それは単なる気のせいなのでしょうか、それとも危険なサインなのでしょうか。

この記事では20代の抜け毛の主な原因を医学的根拠に基づいて解き明かし、今すぐ始められる対策から専門的な治療まで、あなたの疑問と不安に答えます。

目次

この記事の執筆者

AGAメディカルケアクリニック統括院長 前田 祐助
Dr.前田 祐助

AGAメディカルケアクリニック 統括院長

前田 祐助

【経歴】

慶應義塾大学医学部医学研究科卒業

慶應義塾大学病院 初期臨床研修課程終了

大手AGAクリニック(院長)を経て、2018年に薄毛・AGA治療の「AGAメディカルケアクリニック」新宿院を開設

2020年に横浜院、2023年に東京八重洲院を開設

院長プロフィール

資格・所属学会・症例数

【資格】

  • 医師免許
  • ⽇本医師会認定産業医
  • 医学博士

【所属学会】

  • 日本内科学会
  • 日本美容皮膚科学会
  • 日本臨床毛髪学会

【症例数】

3万人以上※

※2018年5月~2022年12月AGAメディカルケアクリニック全店舗の延べ患者数

20代の抜け毛は危険信号?正常な範囲との見分け方

髪の毛が抜けること自体は誰にでも起こる自然な現象です。しかしその量や質によっては、頭皮が発している危険信号の可能性があります。

1日の正常な抜け毛の本数

健康な人でも1日に50本から100本程度の髪の毛は自然に抜け落ちています。これは髪の成長サイクルである「ヘアサイクル」によるものです。

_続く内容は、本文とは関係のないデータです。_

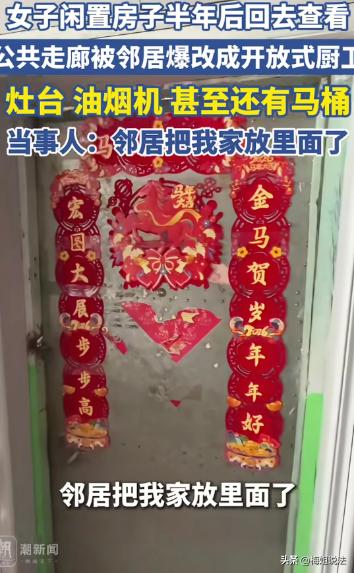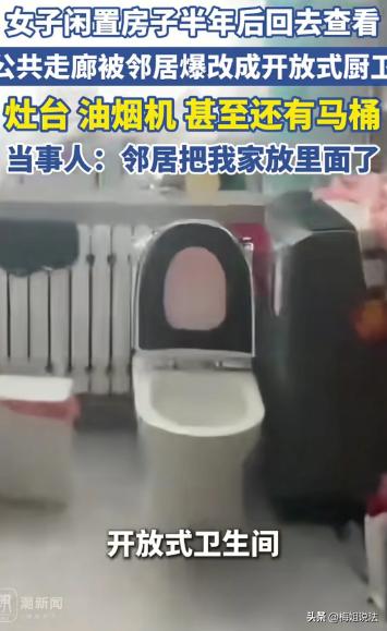内蒙古,王女士怎么也想不到,自己半年没回家,公寓的走廊就被邻居占用改造成厨房和厕所,而且邻居态度强硬,拒不整改,这到底是怎么回事?难道物业也不管吗? 王女士平时在外地工作,极少回家,这次回去本来是想收拾家里的东西把房子租出去。结果刚回到公寓楼,出了电梯走到走廊,眼前的一幕让王女士惊呆了。 原本干干净净的公共走廊,被邻居硬生生改成了自家的厨房和厕所,而且厕所的马桶还裸露在走廊里。 看到眼前的景象,王女士差点以为进错了家门。找了半天才反应过来,自己家的大门被藏在了邻居家的厕所和厨房之间。 这也太奇葩了吧。 公寓是一梯两户,据王女士说,她在离开家之前,原本走廊是没有地砖的。 现在邻居为了占用走廊,把地砖重新铺了,还把吊顶装了上去,走廊的左边是灶台油烟机和洗菜盆,另一边直接摆了个坐式的马桶,连个遮挡的门帘都没有。 这要是外人走进来看,还以为这里就是邻居家的地盘,进错家门了。 更夸张的是自家的大门就在邻居厕所前面。 每次进家门都要路过别人家的厨房和厕所,一推开门一股油烟味和厕所味迎面而来,想想都觉得憋屈。 更好笑的是邻居居然还给自家的大门贴了春联,好像自己家也变成邻居的了。 王女士当时火一下子就上来了,当场拍了视频,找邻居讨要说法。 邻居开门看到王女士,一脸无辜的说“走廊本来也是空着,我改了一下做成自家的厨房和厕所,也没碍你什么事,还留了一个过道给你进家门,而且你长时间不在家基本上也没用到走廊几次。” 王女士气愤地说“你看看这叫不耽误我进门吗?走廊可是公共区域,不是你家开的,也不是你买下来的,你凭什么擅自把这里改成你家的厕所和厨房?再说了,公共区域我们都是要按面积交物业费的,你占了这么大的地方,你交物业费了吗? 而且就算我不回来住,那也不是你占用公共走廊的理由吧。你看我现在每次走回家都要路过你家的厨房和厕所,万一哪一天你在上厕所,我从电梯出来撞见了,你觉得合适吗? 你在走廊做饭,油烟味也会通过门缝飘到我家屋子里,到时候把我家的门帘柜子都熏黑了,你来负责帮我洗吗?” 邻居还是一副无所谓的样子,说“我装都装了,那你想怎么办?难道还让我拆吗?那根本不可能。要不你就去投诉,我也不怕。” 说完邻居立马关上门,不再回应王女士的任何问题。 王女士真是有理没处说。她去找物业反映问题,物业上来一看也懵了,说“我们也没想到这家业主会把走廊改装成这样,之前也听说他们报备过,也没人投诉过,我马上跟他沟通,让他整改。” 物业使劲敲门,邻居就是不开,电话也不接。 不过这种事情,大半年了物业都不知道,这也太不可思议了吧。难道公共区域的卫生,物业不负责清扫吗? 没办法,看来物业是靠不住了,王女士只能把视频发到网上求助,准备走法律途径。 这也真是能遇得到这么奇葩的邻居,不讲道德,乱占走廊还不沟通整改。 民法典第274条写得明明白白,建筑区内的公共通道,楼梯大堂全部属于全体业主所有,任何个人不得私自占用改造。 王女士的邻居把公共走廊擅自改成厨房和厕所,明显已经违法侵占。 王女士可以依法申诉自己的权利,让邻居立刻把厨房和厕所全部拆掉,把走廊恢复原样,地砖吊台灶台马桶一律清走。 其次因为邻居违建,导致王女士没办法正常入住和出租房屋,邻居是要赔偿王女士的相关损失的。 如果邻居不听劝,死活不拆,王女士可以直接去法院起诉,申请强制执行,而且起诉的费用全部费用都要算在他的头上。 而且公共楼道乱装燃气,焊接下水道,本身就违反了消防和楼道安全规定,城管消防一旦介入,邻居大概率还得被罚款。 到时候这个邻居钱也花了东西也拆了,名声也臭了,妥妥的得不偿失。 如果是你遇到这样的邻居,你会怎么处理呢?

シャンプーやブラッシングの際に数十本抜けるのは、多くの場合正常な範囲内です。季節の変わり目などに一時的に増えることもあります。

注意すべき「危険な抜け毛」の特徴

20代の正常な抜け毛と危険な抜け毛の見分け方(イラスト解説)

本数だけでなく、抜け毛の「質」にも注意を払うことが重要です。以下のような特徴を持つ抜け毛が増えてきたら、ヘアサイクルが乱れているサインかもしれません。

危険な抜け毛の特徴

特徴説明
細く短い毛髪が十分に成長する前に抜けている可能性
毛根の形が異常毛根が小さい、または形が尖っている
急激な本数の増加1日に200本以上など、明らかに量が増えた場合

ヘアサイクルの乱れとは

髪には成長期(髪が伸びる期間)、退行期(成長が止まる期間)、休止期(髪が抜け落ちる期間)というサイクルがあります。AGAなどの脱毛症は、この「成長期」が極端に短くなることで起こります。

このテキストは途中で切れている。